The blades are sounding, it's time to signal, I stand up making the signal for help (Y). They have seen us and the gendarmes start descending from the helicopter. When they arrive, they take charge of the situation and immobilize his leg. At that moment another very big stone is thrown up, which stops a few meters away from the five of us. The rescue service asks us to leave the place.
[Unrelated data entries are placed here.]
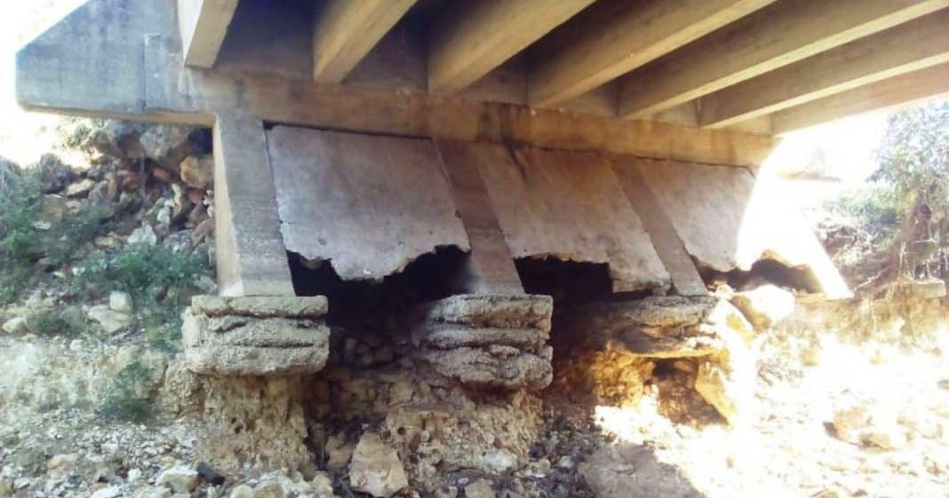 En concreto, existe una “socavación de cimientos en ambos estribos a todo lo ancho del puente” y una “pérdida de relleno de los aproches con hundimiento de la calzada en la vía”, que hacen al puente “altamente susceptible al colapso bajo el peso de vehículos pesados”.
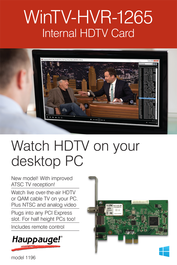 model 01196: WinTV-HVR-1265 with NTSC/ATSC/QAM support, Hauppauge remote control and English manual
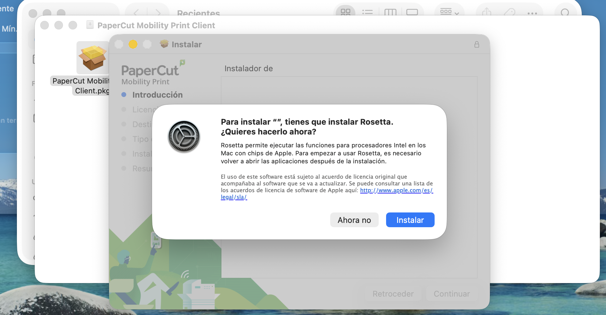 - Si pide la instalación de Rosetta (para hacer compatible la aplicación con los procesadores Apple Silicon), hacer clic en Instalar.
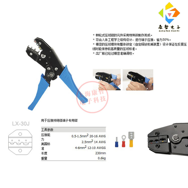 LX-30J pre-insulated terminal block special pliers Ratchet terminal crimping pliers 4-6 large square crimping
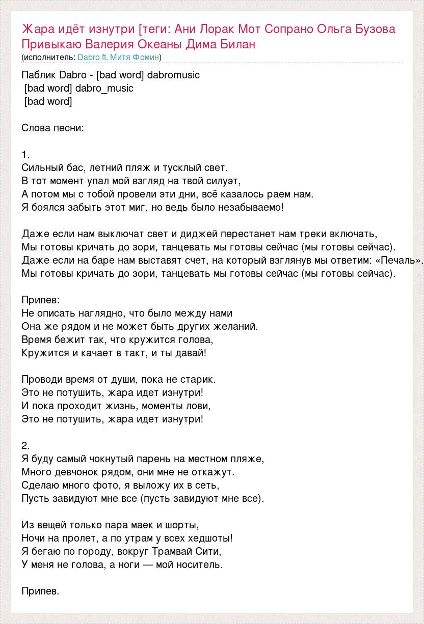 А как ты думаешь, о чем песня "Жара идёт изнутри [теги: Ани Лорак Мот Сопрано Ольга Бузова Привыкаю Валерия Оке" ?

We do so after knowing which hospital they would take our companion to and telling Pablo to be calm that we would spend the night at Tête Rousse and that the next day we would begin our descent.
We get on the way to the shelter but we see that stones are still falling in the next corridor, it seems that the landslides are following us, we see two people who are walking on the heights. Could they have something to do with what has happened to us?
Approximately one and a half hours later, after several attempts, at the moment the fog gives a bit of a break, our companion is evacuated.
Already in the shelter we find the solidarity of two compatriots who encourage us and make us have a good time. You can't imagine how grateful they are for a few words of encouragement and sharing a beer in those circumstances. The next day they left for the summit. We wished them good luck and thanked them from the bottom of our hearts.
In the late afternoon we managed to talk to our partner, he has the quadriceps of his right leg with three holes and swollen like a rugby ball but the bone is fine, we encourage him and now we just want the hours to pass quickly to meet again.
The next day we are in the hospital in the middle of the morning, we melt into a strong hug. The three of us are together again. Now we have to prepare ourselves little by little for the next day to return to our families.
As we leave Chamonix, I turn my eyes towards Mont Blanc, summoning him to meet us later on, and perhaps at that moment he will be kind enough to let me set foot on his summit.
After thirteen hours of driving we arrived at Pablo's house, we hugged his wife and in this way we all took one of the best pictures that Carmelo will ever take in his life.
This article is dedicated to all the people who selflessly helped and supported us.